In the days after the formation of ASAP 340B, the lone federal legislator to put out a statement was Rep. Doris Matsui (D-Calif.), a member of the House Energy and Commerce Committee, which likely would have a role in writing prospective 340B legislation. She opposes the new coalition’s proposals.
“This new proposal from ASAP 340B would play right into the hands of its authors, the drug manufacturers, and put money back into the pockets of Big Pharma,” Matsui said.
“While we don’t yet have all the details about this deal, I am very concerned about any potential proposal that would undercut the efficacy of the program by excluding people who rely on these drugs and critical safety-net providers, who play an essential role in providing care to low-income and underserved populations,” she added.
A common adversary
One area in which providers on both sides of the debate may agree is the need to assess the role of pharmacy benefit managers (PBMs) in the 340B program.
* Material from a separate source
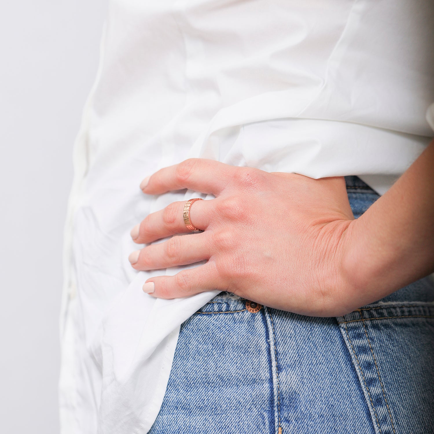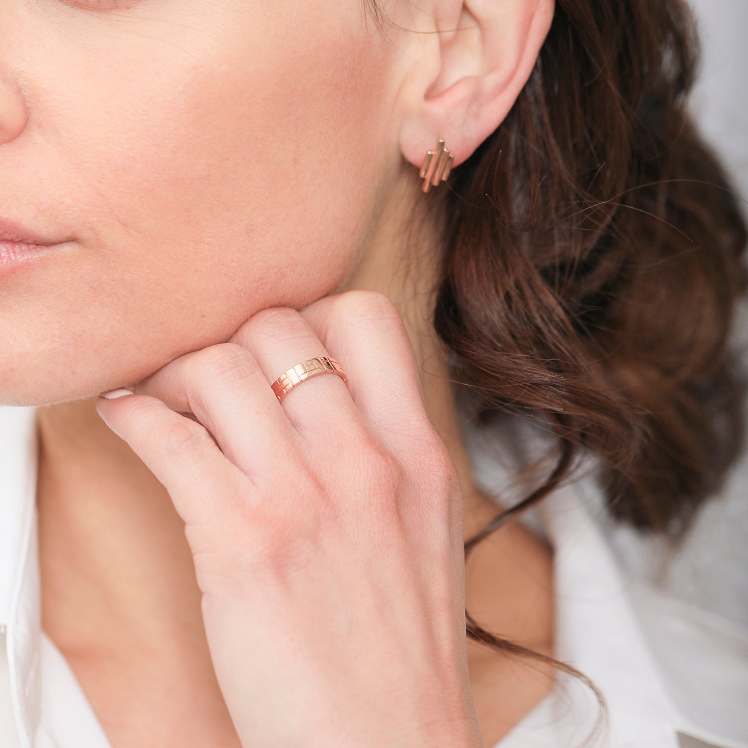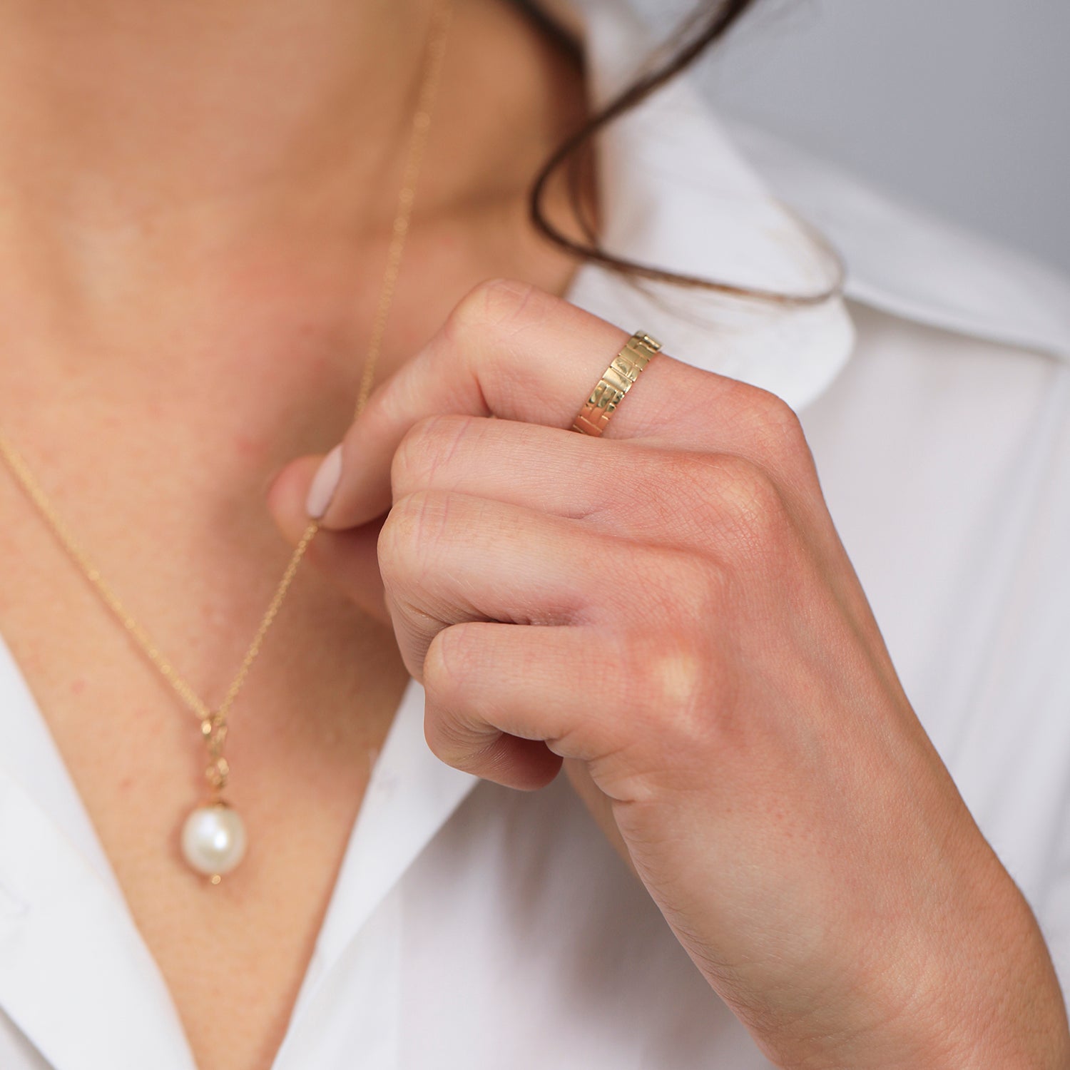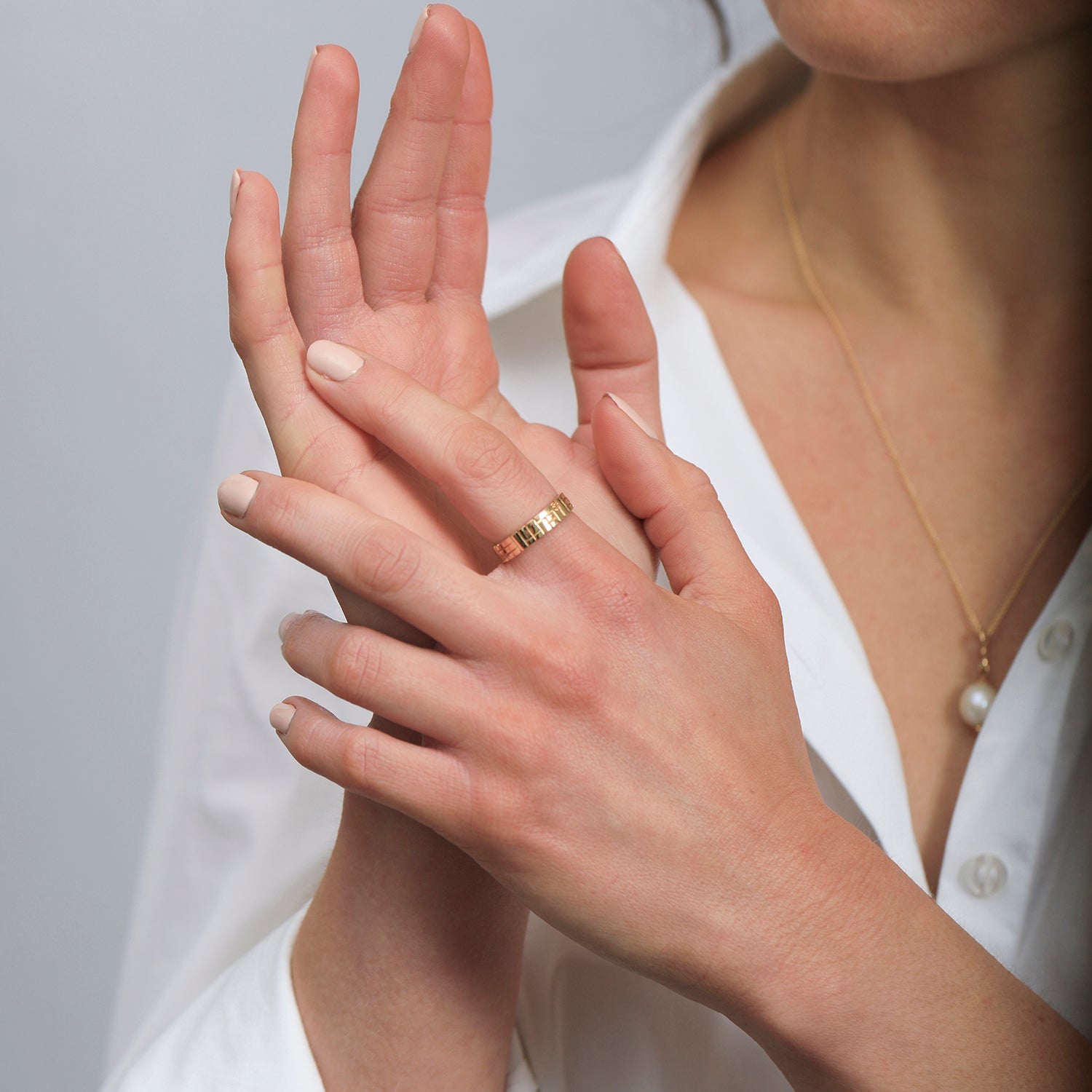 A solid yellow gold ring made up of pleasing small brick shaped cubes. The Philadelphia Slim is an understated yet bold piece that works on every finger. Half the size of the Philadelphia, this ring is extremely versatile and is perfect on its own or stacked for added impact.

Sue Veer, CEO of Greenwood, South Carolina-based Carolina Health Centers, said PBMs benefit from the drug pricing data that community health centers submit to manufacturers as a condition of receiving 340B discounts at contract pharmacies.
“When we submit data, that becomes transparent to the PBMs who then, in order to recoup the rebates that they’ve lost, reimburse for less than what they would for a retail pharmacy,” Veer said during the HELP Committee hearing.
She said reimbursement might be average wholesale price (AWP) minus 4% in the organization’s retail pharmacy, compared with AWP minus 32.5% for the same drug in 340B.
ASAP 340B states, “Protections are needed to prevent for-profit companies, like pharmacy benefit managers, from siphoning off 340B savings intended to help patients by reducing reimbursement for 340B-qualifying prescriptions.”
Similarly, the AHA has asked the Federal Trade Commission to examine “the impact of PBM-negotiated rebates and other business practices” on 340B. “PBMs require 340B hospitals to accept unfair terms and policies in order to participate in their pharmacy networks, which are needed to give hospital patients greater access to those drugs,” according to a 2022 comment letter.